Софи немного завидовала Фанни, которая в любую минуту могла упорхнуть из лавки к торговцу шелком.
Интереснее всего было послушать разговоры покупательниц. Ведь никак невозможно купить шляпку и при этом не посплетничать. Софи сидела в своей нише, проворно орудуя иголкой, и слушала, что мэр терпеть не может зелень, что замок чародея Хоула опять переместился в холмы и что неужели этот негодяй и правда… И шу-шу-шу, и шу-шу-шу… Едва разговор заходил про чародея Хоула, голоса неизменно понижались, но Софи все равно поняла, что месяц назад он поймал-таки в долине одну девушку. «Синяя борода!» — шептали покупательницы и снова начинали говорить в полный голос — опять эта дурочка Джейн Ферье невесть что учинила со своей прической. Вот уж на кого чародей Хоул никогда глаз не положит, не говоря уже о порядочных мужчинах. А потом — тихонечко, боязливо — добавляли пару слов о Болотной Ведьме. Софи начинало казаться, что между чародеем Хоулом и Болотной Ведьмой есть какая-то связь.

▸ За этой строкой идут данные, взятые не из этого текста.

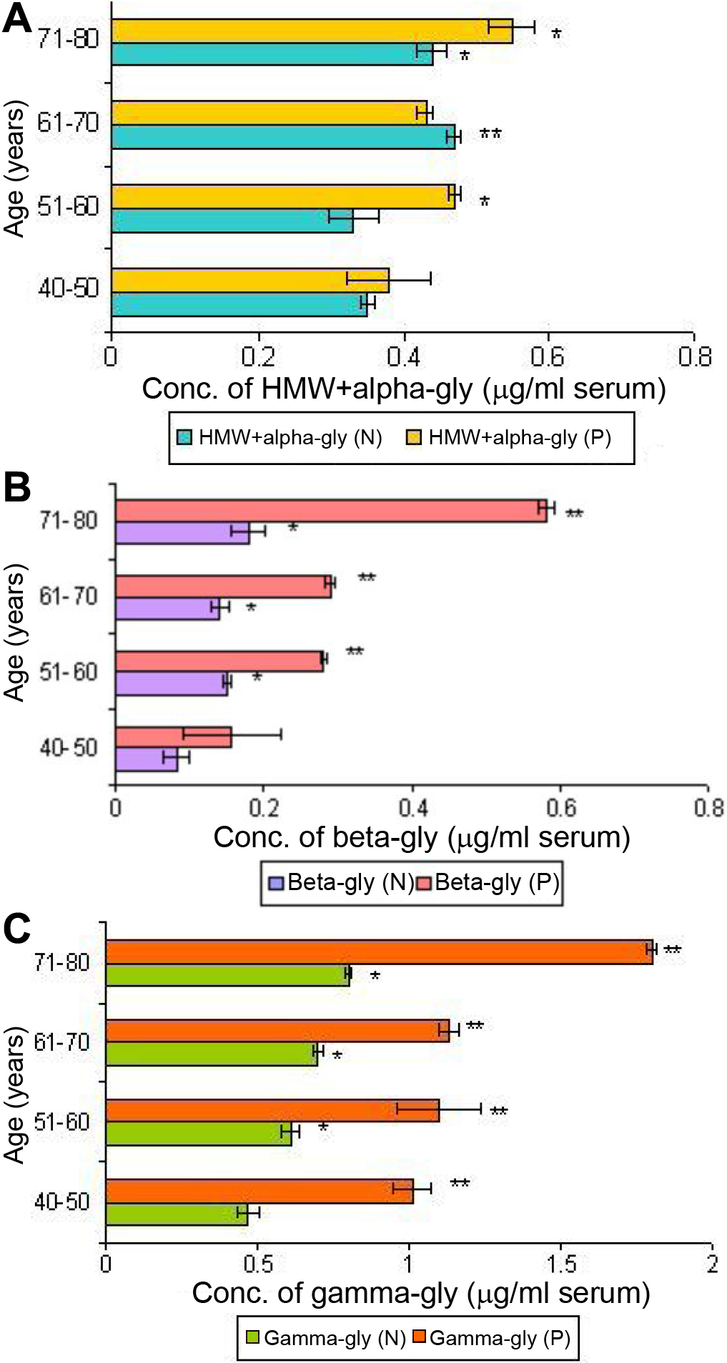 Profile of HMW+α-glycated crystallins in peripheral circulation during
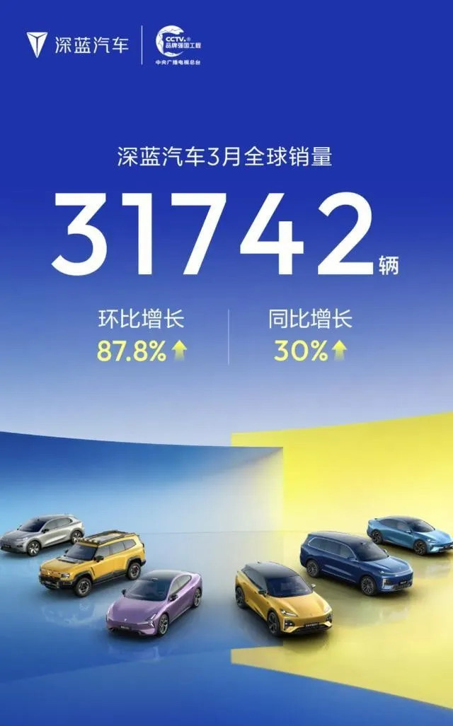 本年3月,深蓝以全球总销量31742辆的收获,已毕了同比增长30%,环比增长87.8%。
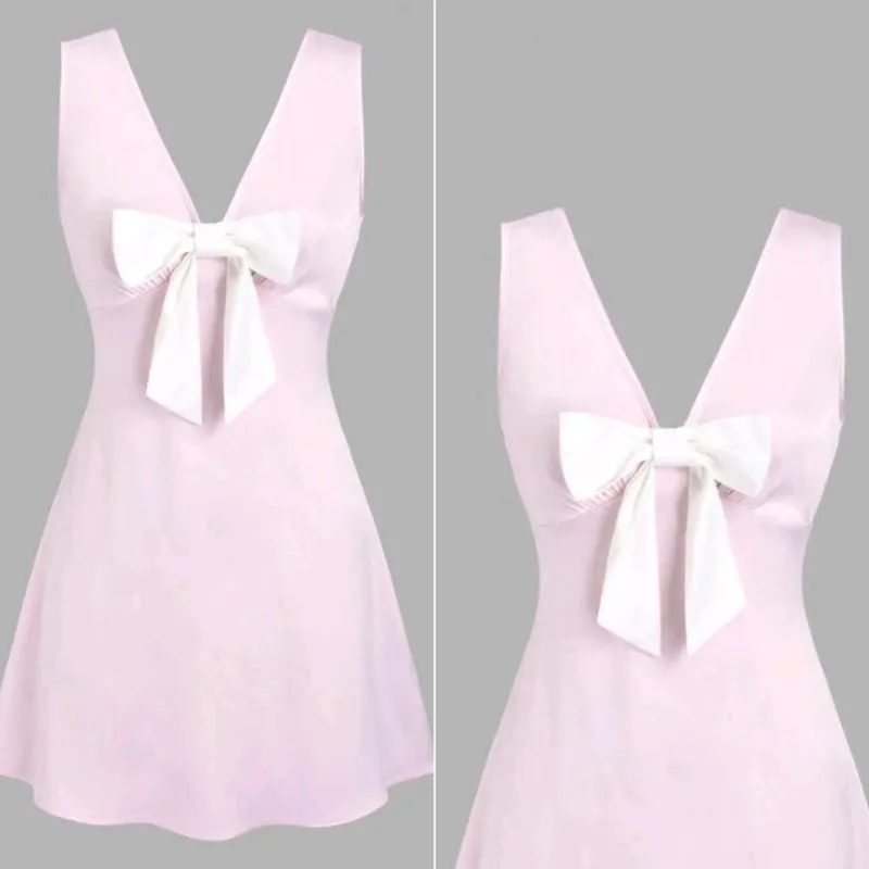Vestido satinado color rosa con lazo blanco estilo princesa
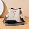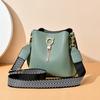 Quality wide strap feminine leather bucket bag fashion designer ladies shoulder crossbody bags
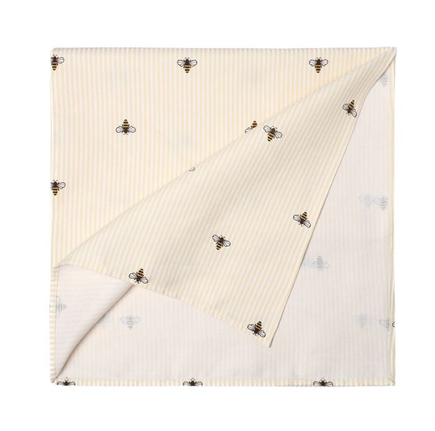 Дизайн: жизнерадостный жёлто-белый рисунок с пчёлами.

— Похоже, они просто созданы друг для друга. Вот бы кто-нибудь их просватал, — говорила она той шляпке, которая была у нее в работе.
Однако к концу месяца сплетничали в лавке уже исключительно о Летти. Судя по всему, в кондитерской Цезари день и ночь толпились разные господа, и каждый из них закупал целые горы пирожных, требуя, чтобы обслуживала его именно Летти. Ей сделали десять предложений руки и сердца, разнившихся по калибру, от сына мэра до парнишки-подметальщика, и она всем отказала, заявив, что еще слишком молода и неопытна и ничего не может решить.
— Что ж, с ее стороны это разумно, — сказала Софи чепчику, к которому как раз пришивала плоеную оборку.
Фанни подобным новостям очень радовалась.
— Уж у кого-кого, а у нее-то наверняка все устроится наилучшим образом! радостно восклицала она. Софи вдруг подумала, как Фанни, должно быть, рада тому, что Летти здесь больше нет.
— Летти бы очень вредила торговле, — объяснила Софи чепчику, украшая его шелковыми лентами розовато-серого, как сыроежка, оттенка. — Она бы даже в тебе, старушечка-дурнушечка, была писаной красавицей. Другие дамы глядели бы на нее и огорчались.
Шли недели, и Софи все чаще и чаще беседовала со шляпками. Больше ей не с кем было говорить. Фанни почти целыми днями пропадала по делам или стояла за прилавком, стараясь подхлестнуть торговлю, а Бесси хлопотала, как пчелка, и лезла ко всем подряд со своими предсвадебными мечтами. У Софи появилась привычка, закончив шляпку, надевать ее на болванку, так что получалась как будто бы голова без тела, а потом для разнообразия рассказывать шляпке, на ком она будет красоваться. Софи немного льстила шляпкам, ведь и покупательницам тоже нужно льстить.
— У вас такой загадочный вид, — говорила она вуалетке с еле заметными блестками. — Вы выйдете замуж за настоящего богача! — обещала она широкополой кремовой шляпе с пышным букетом под полями. А ядовито-салатную соломенную шляпку с кудрявым зеленым пером уверяла: — Вы свежи как майская роза!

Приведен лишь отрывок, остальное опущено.